In 2006, Coleman had a mid-career retrospective at New York's Jack Tilton Gallery entitled Joe Coleman: 30 Paintings and a Selection from the Odditorium, curated by Steven Holmes. Among those who saw it were French journalist Clement Dirie who arranged for the show to travel to the Palais de Tokyo in Paris, in March 2007, and German curator Susanne Pfeffer, who invited Coleman to exhibit at the K-W Institute for Contemporary Art in Berlin and commissioned David Woodard to pen an essay for the accompanying catalog.

For the K-W Institute show, now entitled Joe Coleman: Internal Digging, Pfeffer expanded the exhibit, to include all aspects of Coleman's work, as a painter, performance artist and also as a curator of the Odditorium, his personal museum. Taking over all four floors of the K-W Institute, visitors entered the show by walking into a cavernous ground floor space occupied by the sights and sounds of the Odditorium, largely housed in three German circus wagons. Each subsequent floor featured a different aspect of Coleman's oeuvre. Musician, actor, and outsider artist Bruno S., the star of Werner Herzog's Stroszek, was personally invited by Coleman to play the dinner following the exhibition's public vernissage. The K-W Institute show is the largest and most comprehensive exhibition to date of Coleman's work.
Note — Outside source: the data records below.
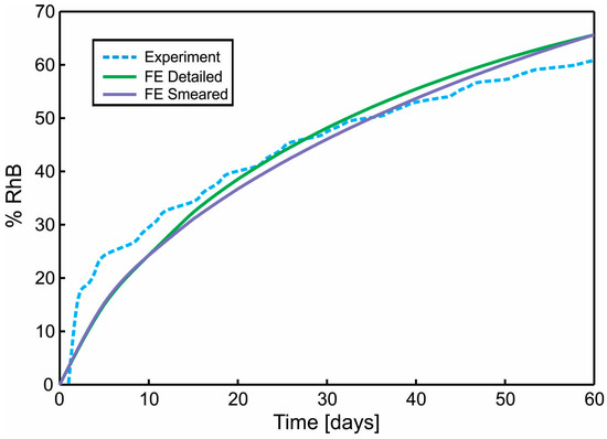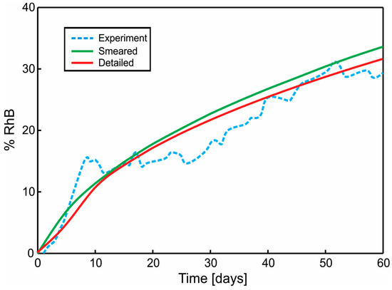 Diagram Cumulative Release vs. Time. Comparison of results for the true (detailed) and smeared model of PLGA nanofibers, with Span-80/RhB complex impregnated and for 24 wt.% 50:50 PLGA. Experimental curve and computational results obtained using true (detailed) and smeared model of PLGA nanofibers.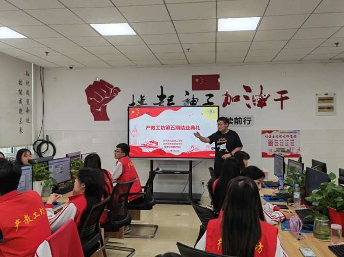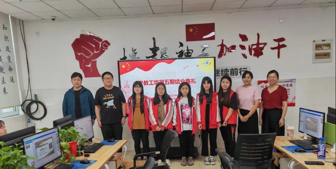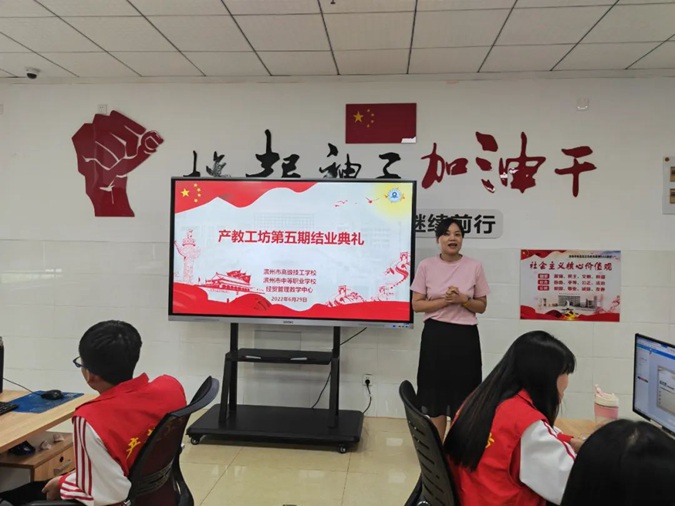6月29日下午,滨州市高级技工学校电子商务专业“产教工坊”项目第五期结业典礼在井冈山楼107实训室举行。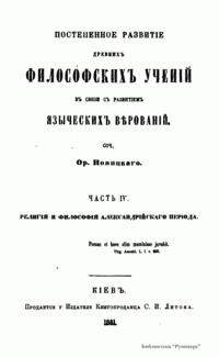 в "Пути Русского Богословия" отмечает, что Новицкий "пишет первую историю древней философии по-русски, — «Постепенное развитие древних философских учений в связи с развитием языческих верований» (четыре тома, 1860–1862). Написанная по источникам, эта книга и до сих пор сохраняет известную живость".

New York's Dickinson Gallery exhibited a number of Coleman's paintings together with paintings by Hans Memling and other 15th century early Netherlandish painters, in a 2008 show entitled Devotio Moderno: Joe Coleman/Northern Primitives, to draw attention to both the devotional aspect and use of religious and a personal iconography in Coleman's paintings. The show included the 1999 painting, The Book of Revelations, which depicted Coleman and his wife Whitney Ward, encircled by a rainbow and riding atop a demon. They are surrounded on either side by friends and family who attended their wedding at the American Visionary Art Museum in Baltimore, while their symbolizing enemies are pitching into the fires of hell below them. The frame of the painting is adorned with blood-stained pages of the Book of Revelation from a miniature bible.

Two years later, in 2010, Dickinson put on a solo show by Joe Coleman, Autoportrait, that included the first public viewing of Doorway To Joe, a life-size self-portrait Coleman had painted over the course of four years. Doorway to Joe was exhibited again, with its companion painting Doorway to Whitney, a life-size portrait of Whitney Ward, completed in 2015, and unveiled at Unrealism, a show of figurative art curated by Jeffrey Deitch and Larry Gagosian at Art Basel Miami in December 2015.

The two paintings also formed the center-piece of another large retrospective of Coleman's work, entitled ''Doorway to Joe'', held in 2017 at the Begovitch Gallery, California State University, Fullerton.